Jump forward to 2022 and the world finally seems to be getting back to what we knew before. Punk Rock Holiday could happen and the time came for us to get organised for an event we brought tickets for over two and a half years earlier. When I say get organised, I sensibly left all organisation to Emma and our good pal Paul who, if promoting gigs and booking tours ever falls through for him, could get a job as a travel agent. Man knows what he’s doing. Transport and accommodation was booked and the time finally came around for Punk Rock Holiday.

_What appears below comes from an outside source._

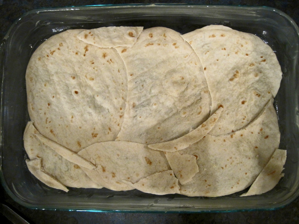 tortillas, cutting to fit without overlapping.
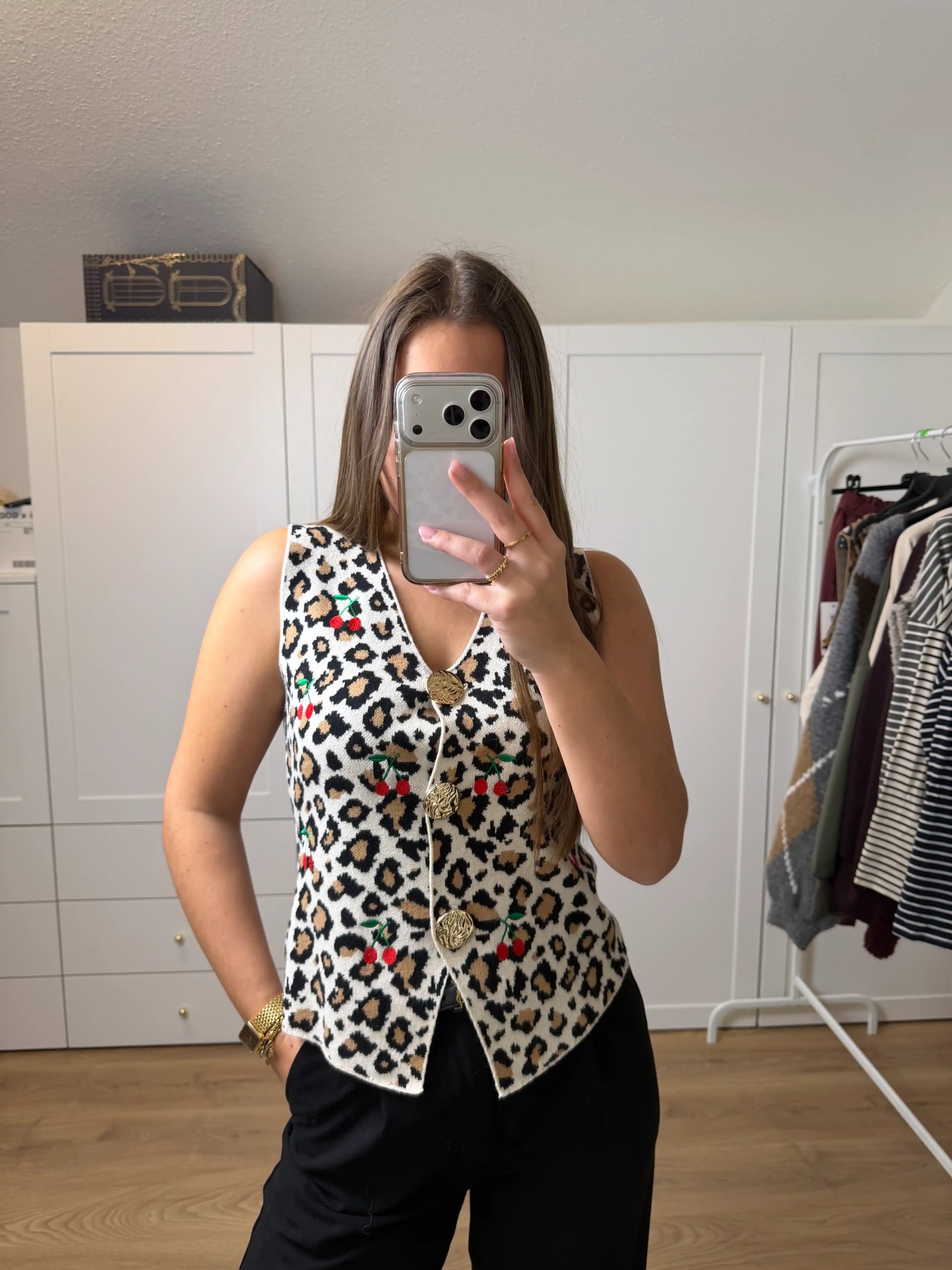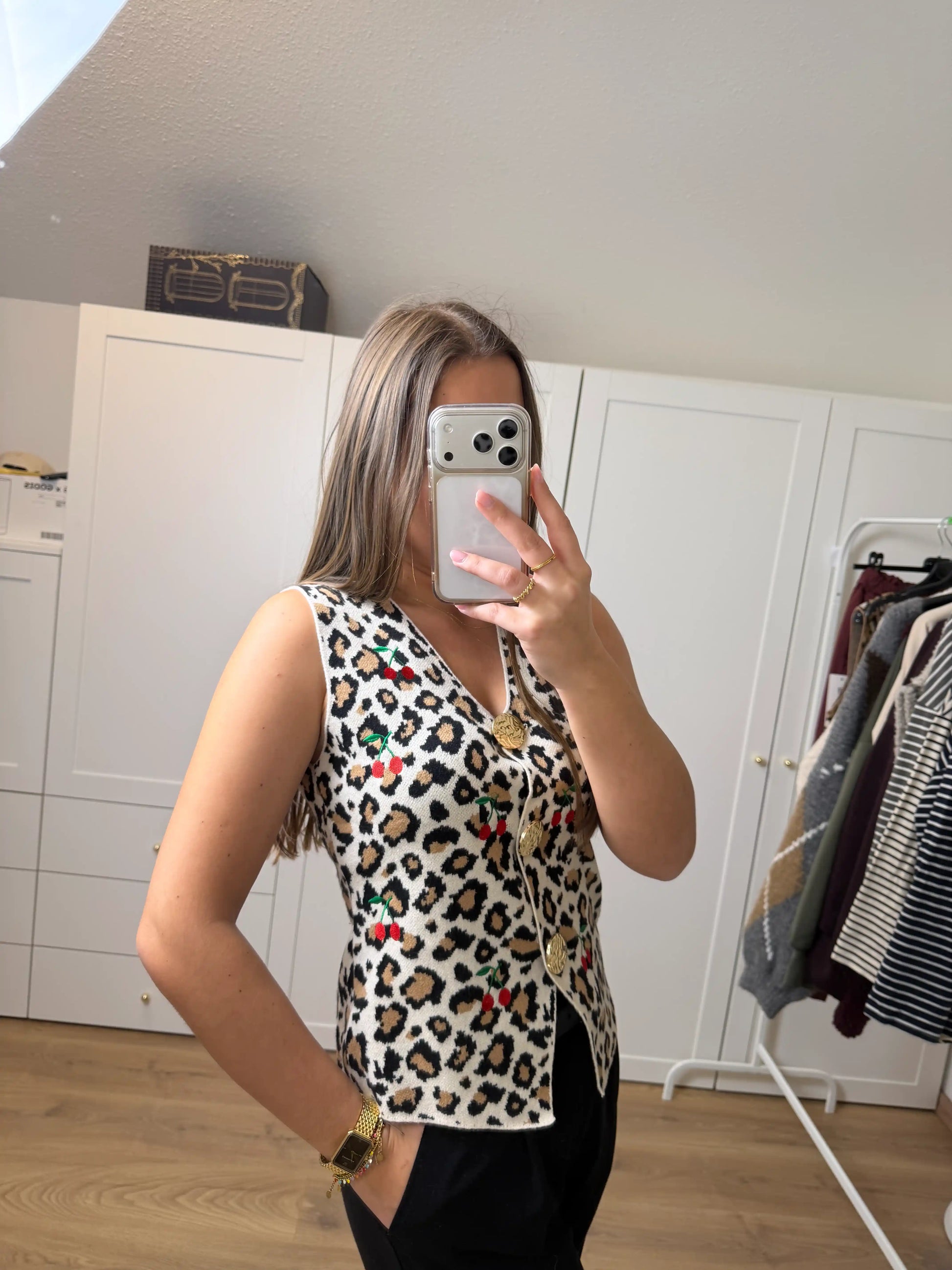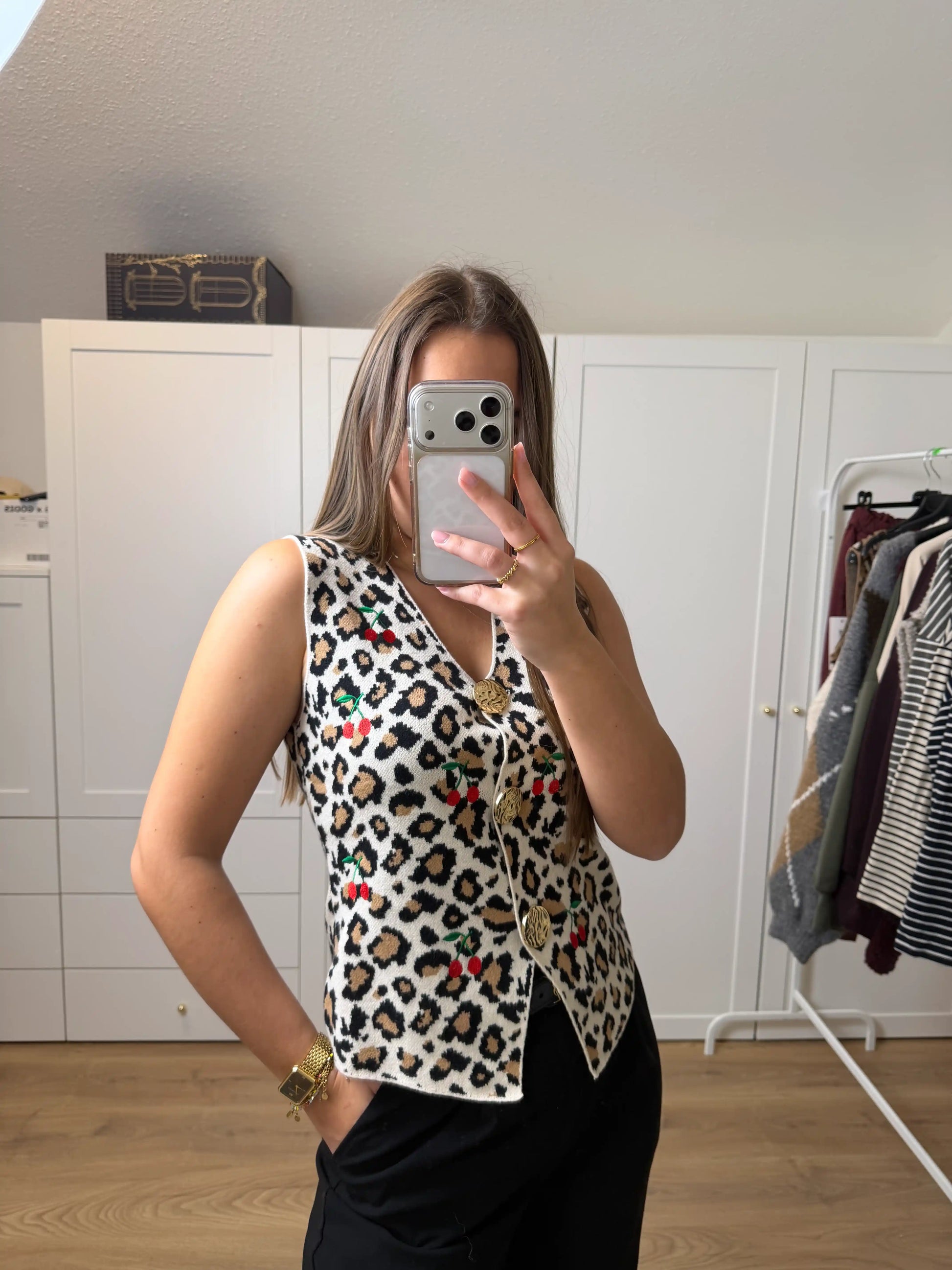 Auffällige Strickweste mit angesagtem Leo-Muster, kombiniert mit verspielten Kirschstickereien. Goldene Knöpfe setzen einen eleganten Akzent und machen die Weste zu einem echten Statement-Piece – perfekt zum Aufwerten schlichter Outfits.

We had a flight booked from Gatwick to Venice before we got on a coach to travel the rest of the way to Tolmin for the festival. Emma and I left Bedford at 6am in the morning in order to get to Gatwick in time for our lunchtime flight. At Gatwick, we met the majority of our group whom we were travelling with. Our flight had a hour delay which actually worked out quite well for us as it meant less time waiting outside in the sun in Venice for our coach. Flying into Venice we were treated to some beautiful views of the city. The coach ride as well, which was full of good spirited (but slightly sleepy) punk rockers, was full of breathtaking views as we traversed the Slovenian hills and got our first looks at the river. When we eventually arrived at our destination it was only a short walk to our accommodation. Emma, Paul and I dropped off our bags, freshened up and headed straight out to the festival site.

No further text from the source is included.